= Task details =
Going line by line through the records below, write out everything starting with the line containing "Mr.Y.Chandrasekar:9487626069 Mr.Ajitha R" and going on through the line containing "일부 튀르키예의 병원에서는", exactly and inclusively. Pictures do not go in.

Start of Material for this exercise

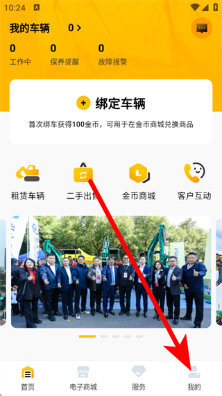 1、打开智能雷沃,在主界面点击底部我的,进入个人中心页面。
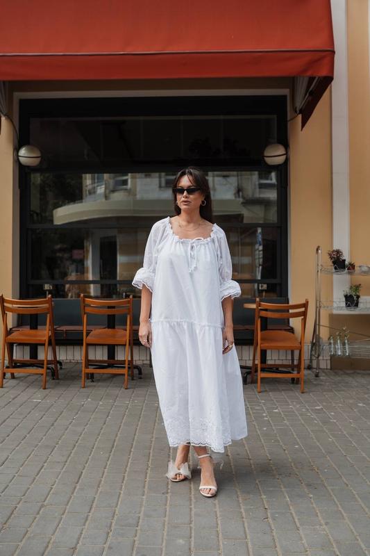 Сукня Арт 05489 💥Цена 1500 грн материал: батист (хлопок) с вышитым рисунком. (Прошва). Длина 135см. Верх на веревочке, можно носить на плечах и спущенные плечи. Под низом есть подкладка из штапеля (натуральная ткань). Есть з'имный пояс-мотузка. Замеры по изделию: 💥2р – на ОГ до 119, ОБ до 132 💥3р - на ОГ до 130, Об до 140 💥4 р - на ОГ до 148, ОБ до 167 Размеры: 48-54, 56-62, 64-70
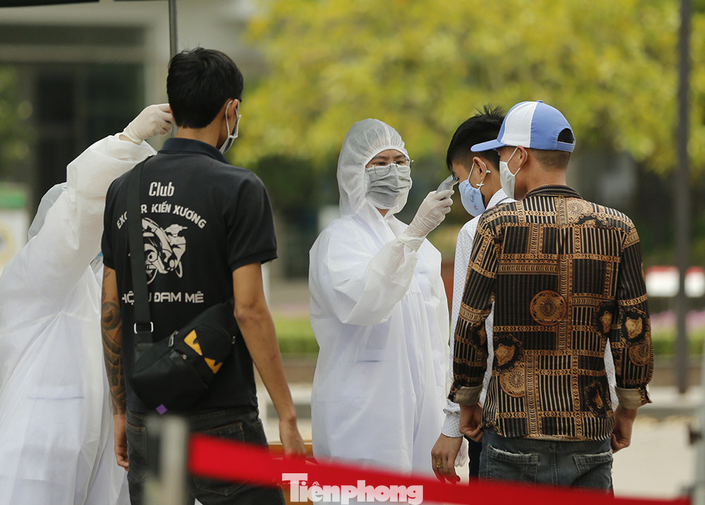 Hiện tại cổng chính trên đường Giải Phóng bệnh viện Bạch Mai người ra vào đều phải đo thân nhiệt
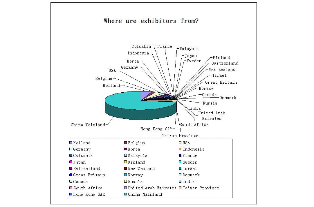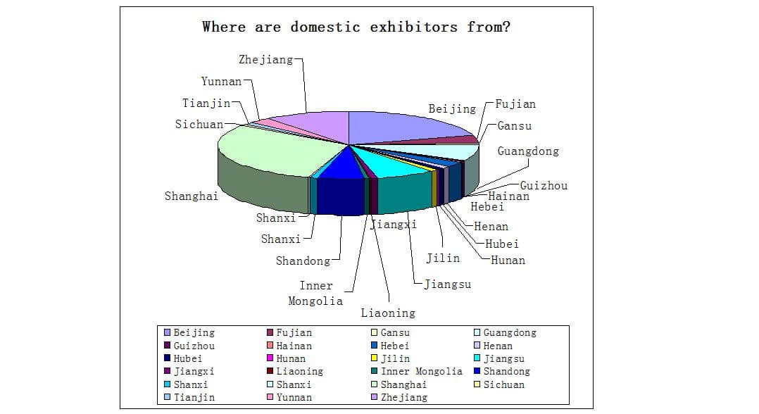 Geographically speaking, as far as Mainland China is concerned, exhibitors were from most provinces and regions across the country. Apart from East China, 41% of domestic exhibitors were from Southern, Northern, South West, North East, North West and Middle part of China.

End of Material for this exercise
Start of Material for this exercise

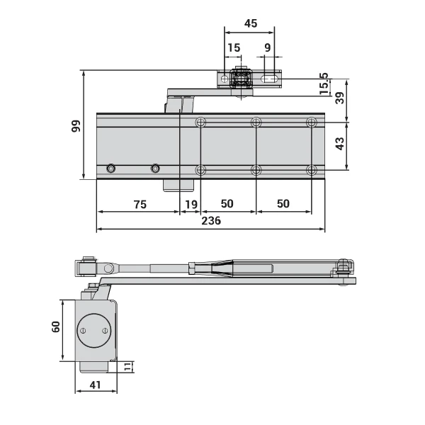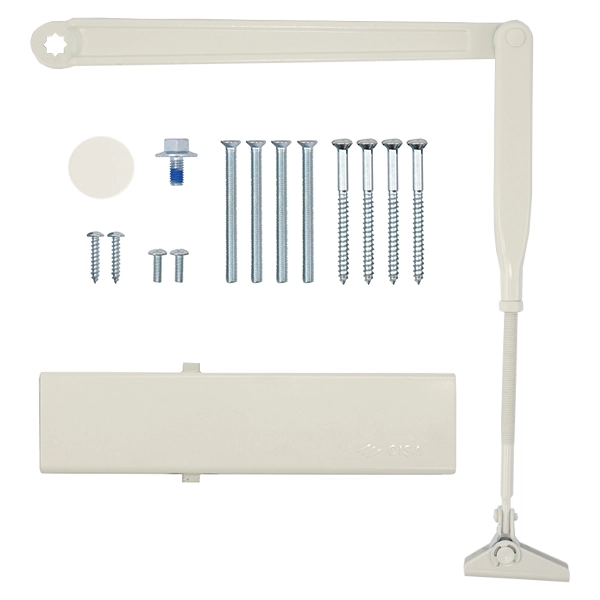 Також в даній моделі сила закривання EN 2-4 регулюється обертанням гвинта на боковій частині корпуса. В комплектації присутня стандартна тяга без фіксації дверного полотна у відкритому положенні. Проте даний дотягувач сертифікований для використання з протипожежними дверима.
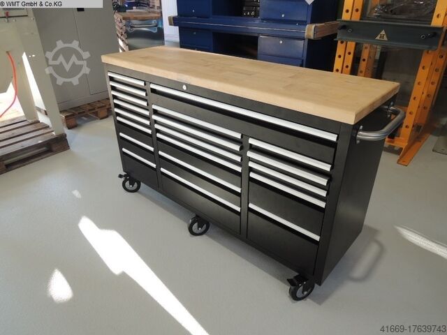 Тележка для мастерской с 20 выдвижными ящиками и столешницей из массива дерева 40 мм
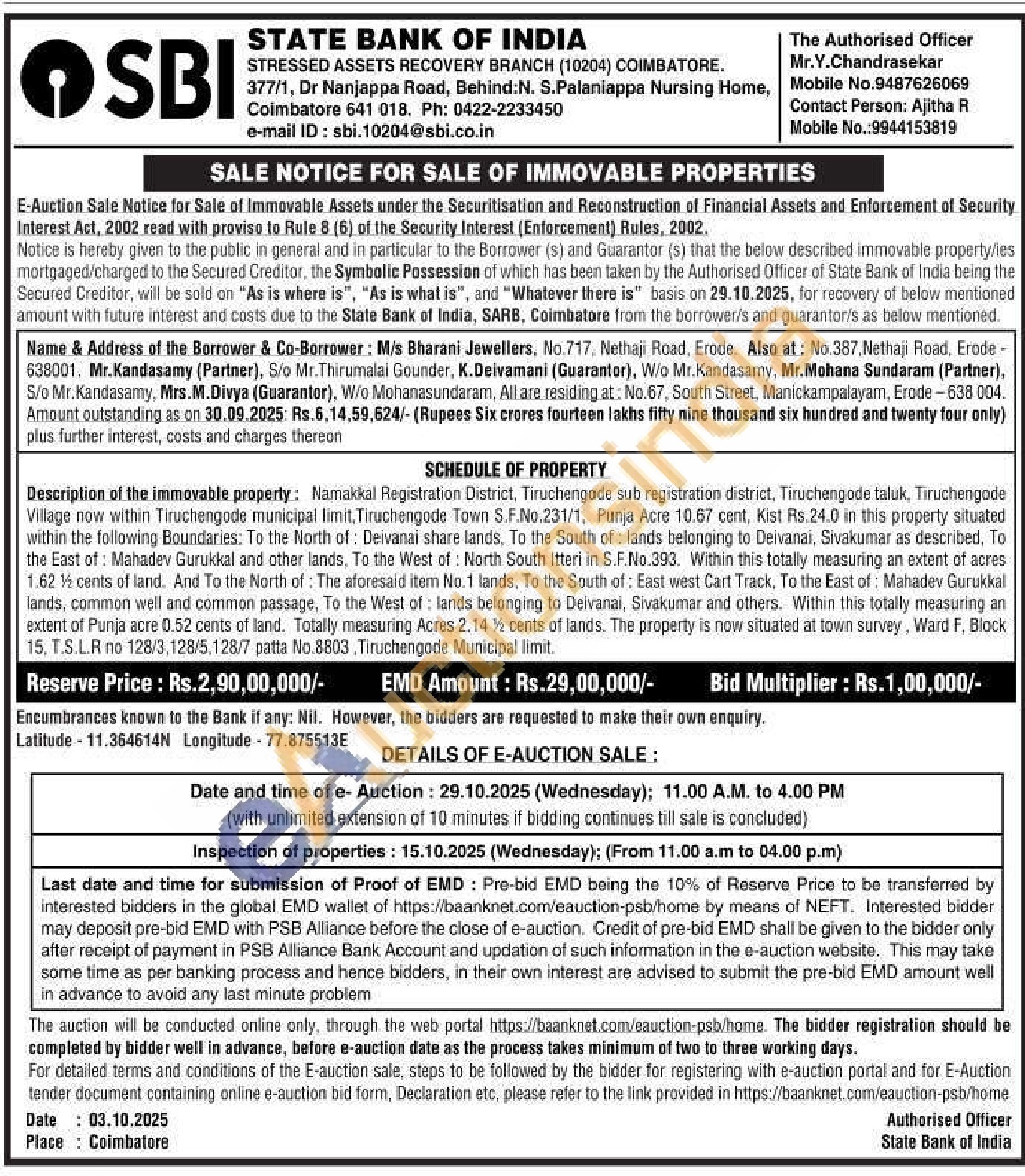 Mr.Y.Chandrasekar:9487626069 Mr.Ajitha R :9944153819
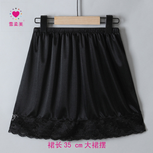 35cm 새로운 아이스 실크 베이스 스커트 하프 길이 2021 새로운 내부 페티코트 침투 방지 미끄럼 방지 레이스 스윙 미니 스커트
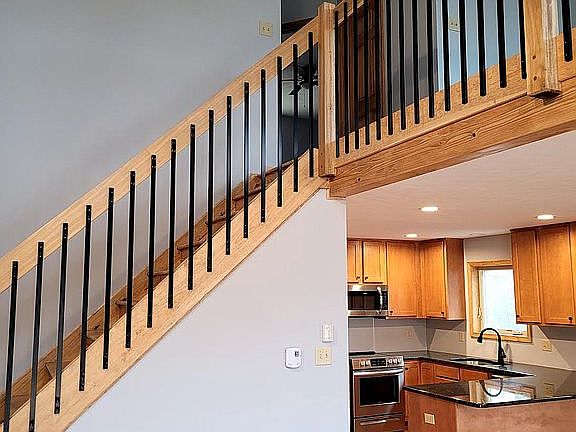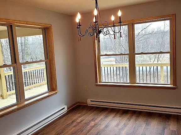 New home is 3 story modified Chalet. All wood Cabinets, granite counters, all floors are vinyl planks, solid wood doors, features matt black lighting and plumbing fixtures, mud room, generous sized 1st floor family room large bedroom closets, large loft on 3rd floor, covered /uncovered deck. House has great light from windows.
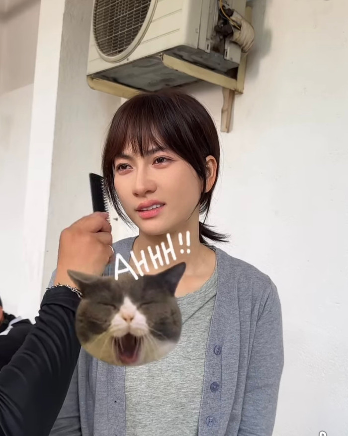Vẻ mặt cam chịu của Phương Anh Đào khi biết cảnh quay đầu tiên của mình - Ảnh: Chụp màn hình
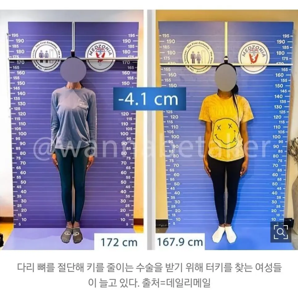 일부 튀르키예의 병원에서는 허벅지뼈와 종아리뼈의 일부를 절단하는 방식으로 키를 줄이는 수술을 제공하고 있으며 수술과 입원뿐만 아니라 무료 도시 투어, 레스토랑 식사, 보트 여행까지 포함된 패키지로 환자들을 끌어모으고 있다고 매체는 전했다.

End of Material for this exercise

= Solution to the problem =
 Mr.Y.Chandrasekar:9487626069 Mr.Ajitha R :9944153819
 35cm 새로운 아이스 실크 베이스 스커트 하프 길이 2021 새로운 내부 페티코트 침투 방지 미끄럼 방지 레이스 스윙 미니 스커트
 New home is 3 story modified Chalet. All wood Cabinets, granite counters, all floors are vinyl planks, solid wood doors, features matt black lighting and plumbing fixtures, mud room, generous sized 1st floor family room large bedroom closets, large loft on 3rd floor, covered /uncovered deck. House has great light from windows.
Vẻ mặt cam chịu của Phương Anh Đào khi biết cảnh quay đầu tiên của mình - Ảnh: Chụp màn hình
 일부 튀르키예의 병원에서는 허벅지뼈와 종아리뼈의 일부를 절단하는 방식으로 키를 줄이는 수술을 제공하고 있으며 수술과 입원뿐만 아니라 무료 도시 투어, 레스토랑 식사, 보트 여행까지 포함된 패키지로 환자들을 끌어모으고 있다고 매체는 전했다.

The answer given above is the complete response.